A **Deployment** is a serverless, auto-scaling API endpoint that runs your containerized application on Tensorfuse. You provide your code and a configuration, and Tensorfuse handles the entire lifecycle: building your container, provisioning infrastructure, deploying the application, and serving traffic.

This lets you turn any model or application into a scalable, production-ready service with a single command.

### Anatomy of a Deployment

Every Tensorfuse Deployment consists of three key components. This separation of concerns makes your projects clean, portable, and easy to manage.

1. **Application Code:** This is the core logic of your service. It can be a FastAPI app, a vLLM server for a large language model, or any other application that can be containerized.

2. **Environment (`Dockerfile`):** A **`Dockerfile`** defines your application's environment. It specifies the base image, system dependencies, Python packages, and the command needed to start your service. Tensorfuse uses this file to build a container image that is identical for development and production.

3. **Configuration (`deployment.yaml`):** This YAML file defines the **infrastructure and runtime settings** for your Deployment. Here, you specify the required resources (like GPU type and count), scaling parameters, secrets to inject, and health check endpoints.

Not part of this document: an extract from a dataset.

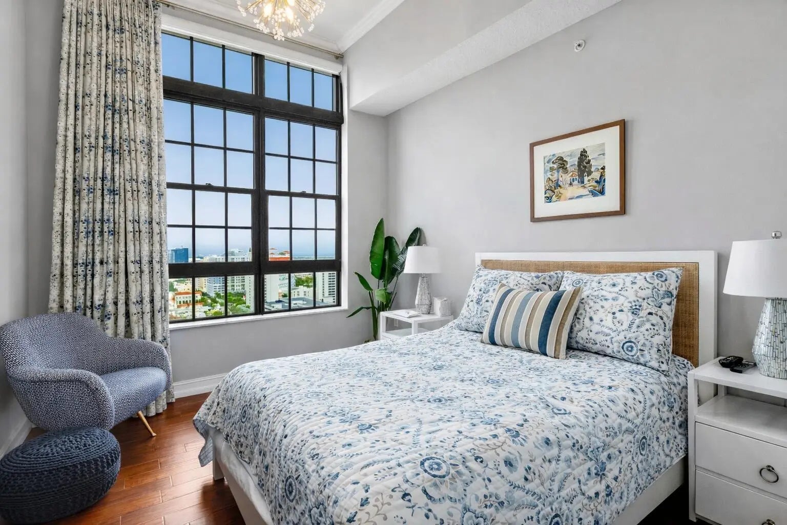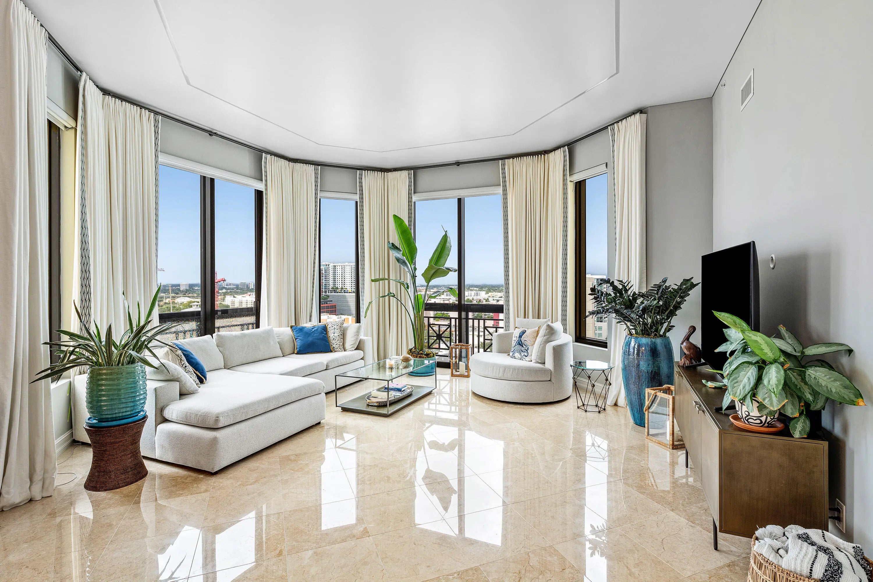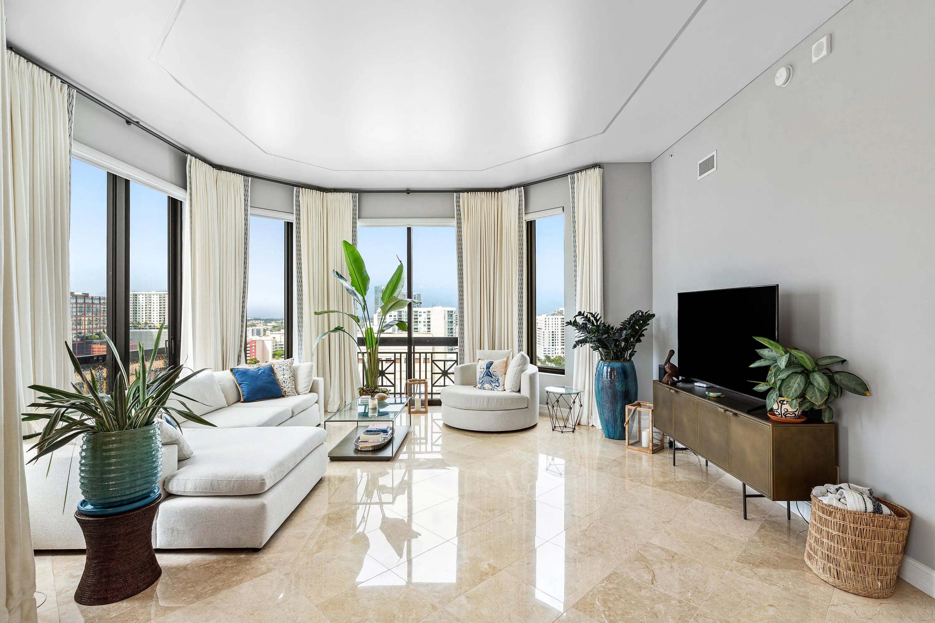 This spectacular furnished residence is a home in the sky with breathtaking panoramic city skyline sunset views and north corner ocean and intracoastal views. Highlighted by 12' ceilings, all marble and hardwood flooring throughout. Floor to ceiling glass and sliders that wrap around corner of the residence. Boasting 2,156sqft, this one-of-a-kind residence welcomes you with a light and airy spacious feel. This 2-bedroom, 2.5 bathroom plus den with built-in murphy bed and desk. An expanded balcony with Clear Lake and city skyline sunset views. The kitchen has a modern feel, large open space w/ kitchen table and opens to the large balcony. The spacious master-suite features a luxurious all marble spa-like bathroom, signature large soaking tub, oversized walk-in fitted closet. 2nd bedroom..

### The Deployment Workflow

When you run the `tensorkube deploy` command, Tensorfuse performs the following steps automatically:

1. **Builds** your `Dockerfile` into a container image.
2. **Pushes** the image to a private container registry (ECR) inside your AWS account.
3. **Provisions** the hardware you requested in your configuration.
4. **Deploys** your container and connects it to the autoscaler.
5. **Exposes** a secure HTTPS endpoint to serve traffic.

### Configuring Your Deployment

You can configure your deployment's resources and behavior in two ways: command-line flags or a `deployment.yaml` file.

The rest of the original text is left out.